%%
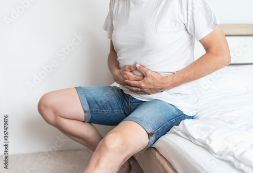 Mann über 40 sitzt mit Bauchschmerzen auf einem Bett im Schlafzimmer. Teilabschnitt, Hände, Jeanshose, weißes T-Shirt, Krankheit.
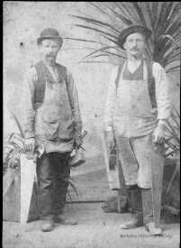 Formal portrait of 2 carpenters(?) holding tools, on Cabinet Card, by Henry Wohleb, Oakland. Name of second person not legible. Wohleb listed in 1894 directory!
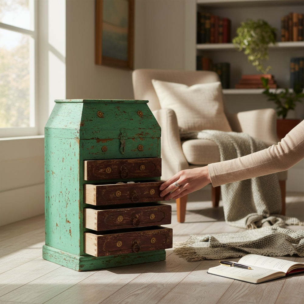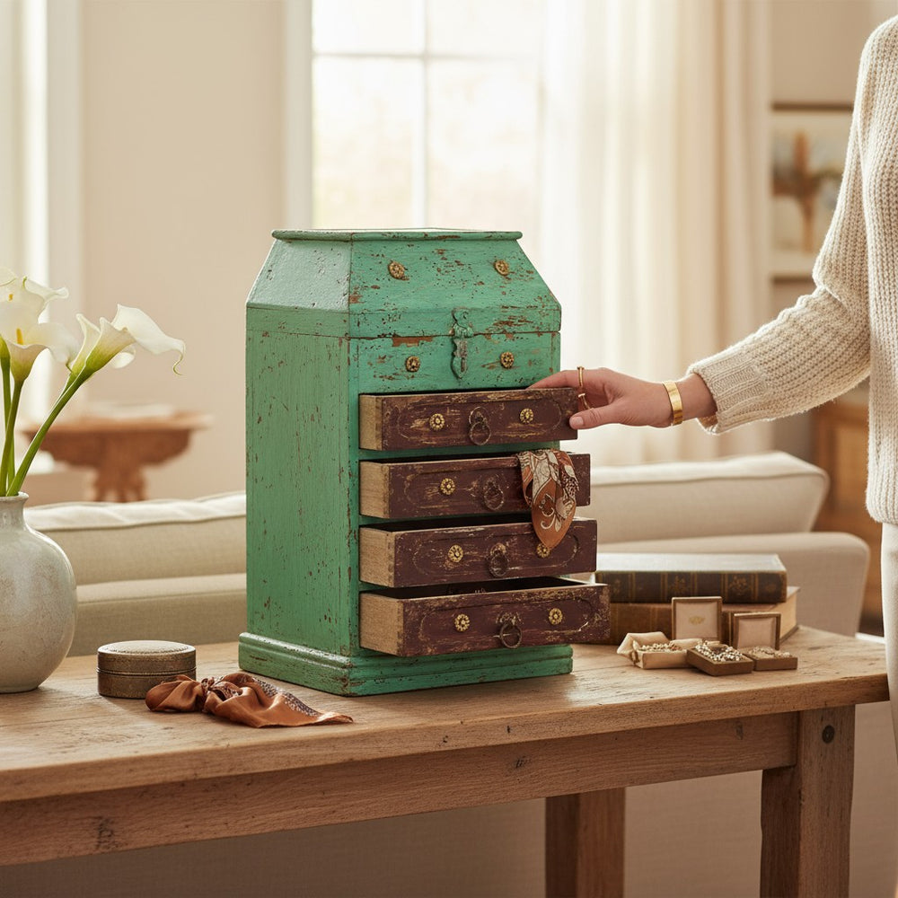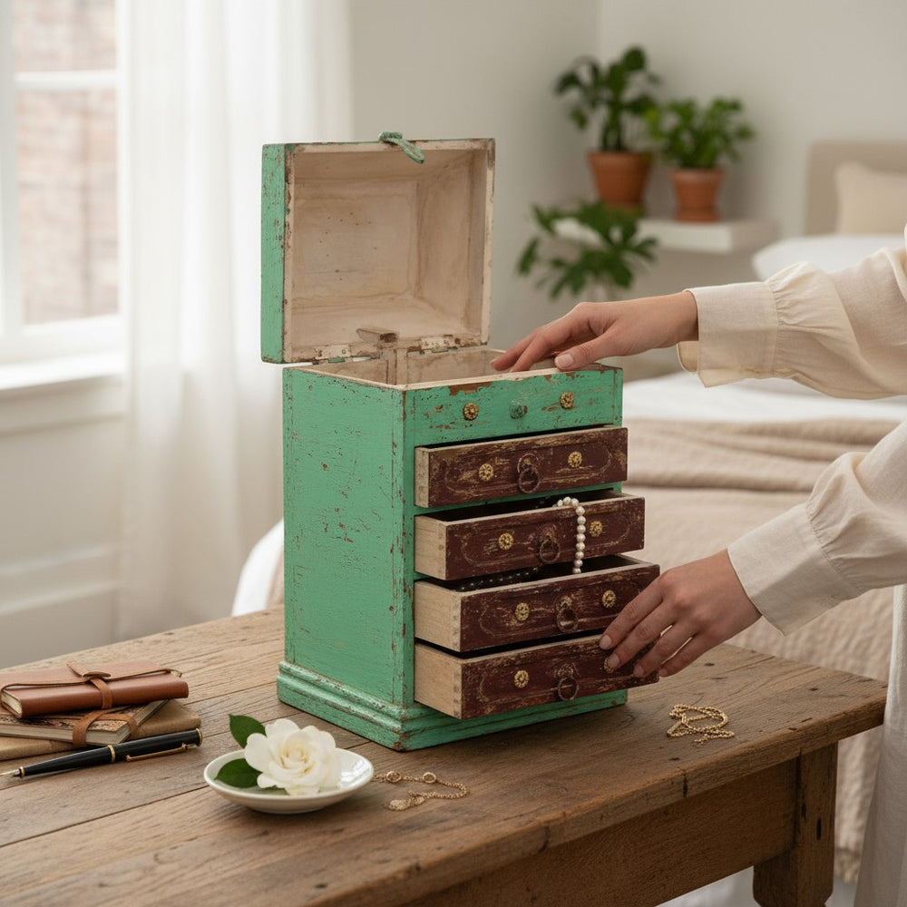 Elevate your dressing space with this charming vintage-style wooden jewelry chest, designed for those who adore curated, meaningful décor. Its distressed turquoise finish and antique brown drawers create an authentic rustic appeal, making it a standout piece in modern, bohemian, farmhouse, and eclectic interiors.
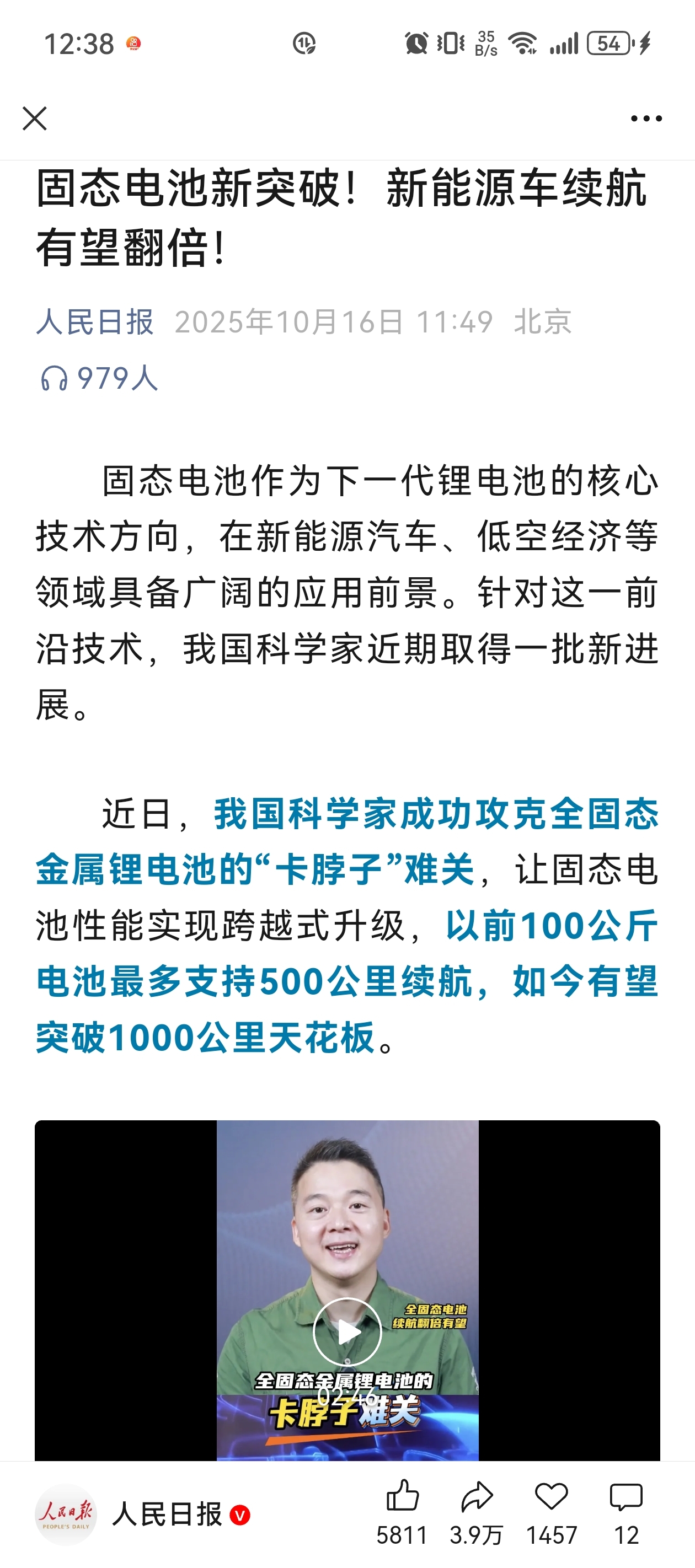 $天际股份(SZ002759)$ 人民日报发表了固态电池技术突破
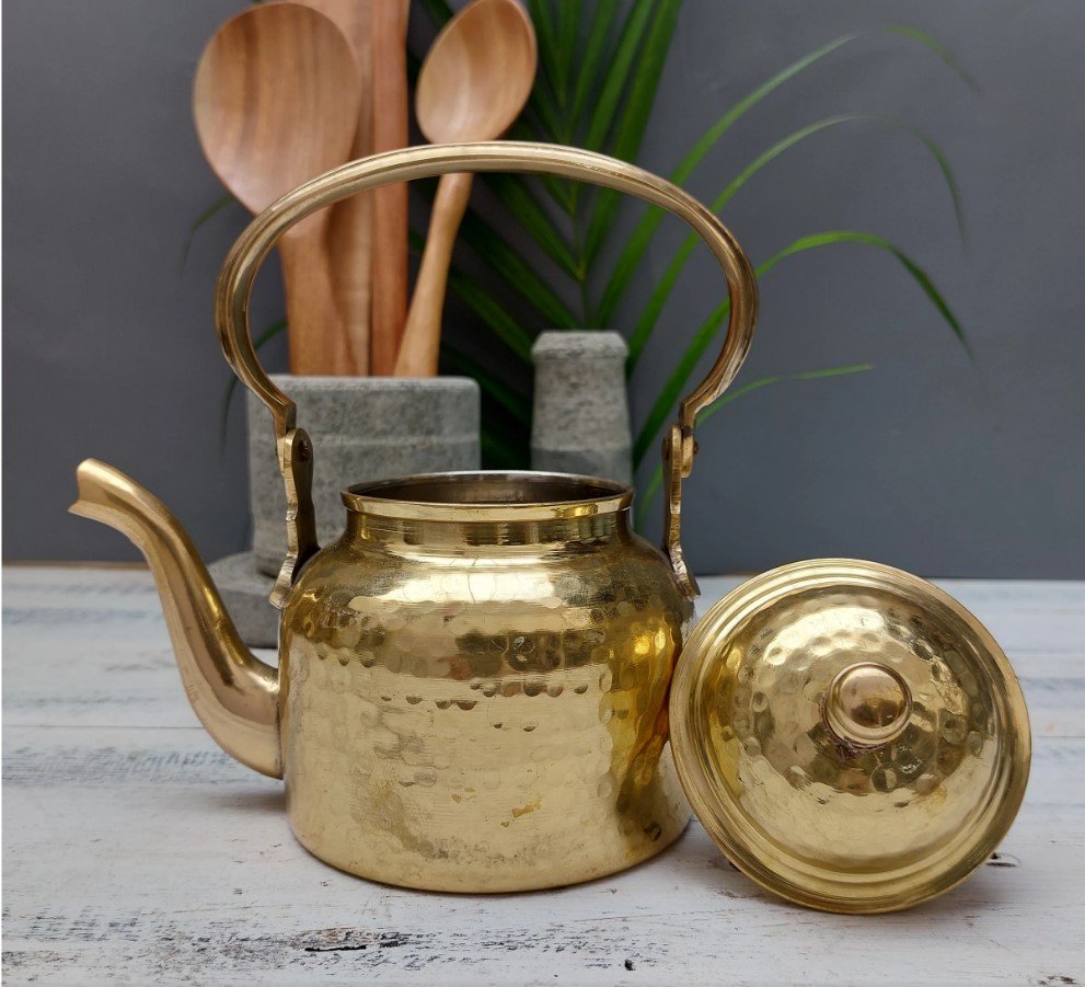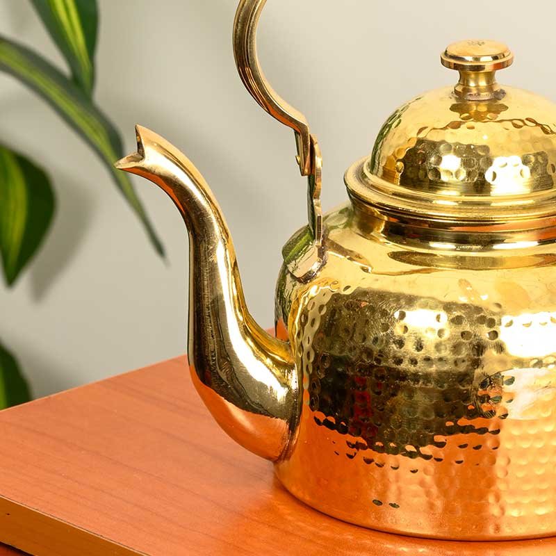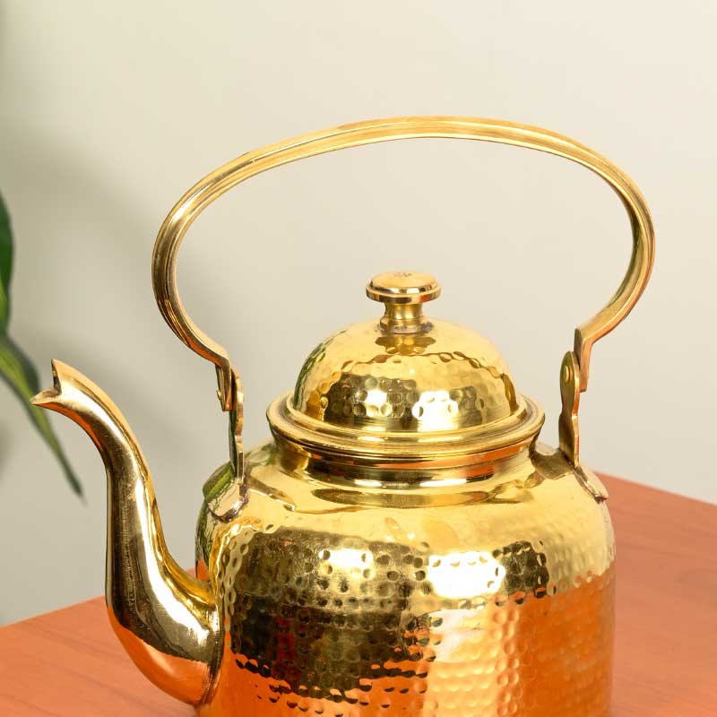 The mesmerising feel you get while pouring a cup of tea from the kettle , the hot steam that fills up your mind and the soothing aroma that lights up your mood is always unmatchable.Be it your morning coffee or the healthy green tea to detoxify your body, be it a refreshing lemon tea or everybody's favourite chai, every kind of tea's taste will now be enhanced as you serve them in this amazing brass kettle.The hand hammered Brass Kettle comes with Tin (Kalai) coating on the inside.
%%
## ACTIVITY:
Nothing in the entries above should change when they are printed again, except that the pictures are dropped.

## TASK SOLUTION:
 Mann über 40 sitzt mit Bauchschmerzen auf einem Bett im Schlafzimmer. Teilabschnitt, Hände, Jeanshose, weißes T-Shirt, Krankheit.
 Formal portrait of 2 carpenters(?) holding tools, on Cabinet Card, by Henry Wohleb, Oakland. Name of second person not legible. Wohleb listed in 1894 directory!
 Elevate your dressing space with this charming vintage-style wooden jewelry chest, designed for those who adore curated, meaningful décor. Its distressed turquoise finish and antique brown drawers create an authentic rustic appeal, making it a standout piece in modern, bohemian, farmhouse, and eclectic interiors.
 $天际股份(SZ002759)$ 人民日报发表了固态电池技术突破
 The mesmerising feel you get while pouring a cup of tea from the kettle , the hot steam that fills up your mind and the soothing aroma that lights up your mood is always unmatchable.Be it your morning coffee or the healthy green tea to detoxify your body, be it a refreshing lemon tea or everybody's favourite chai, every kind of tea's taste will now be enhanced as you serve them in this amazing brass kettle.The hand hammered Brass Kettle comes with Tin (Kalai) coating on the inside.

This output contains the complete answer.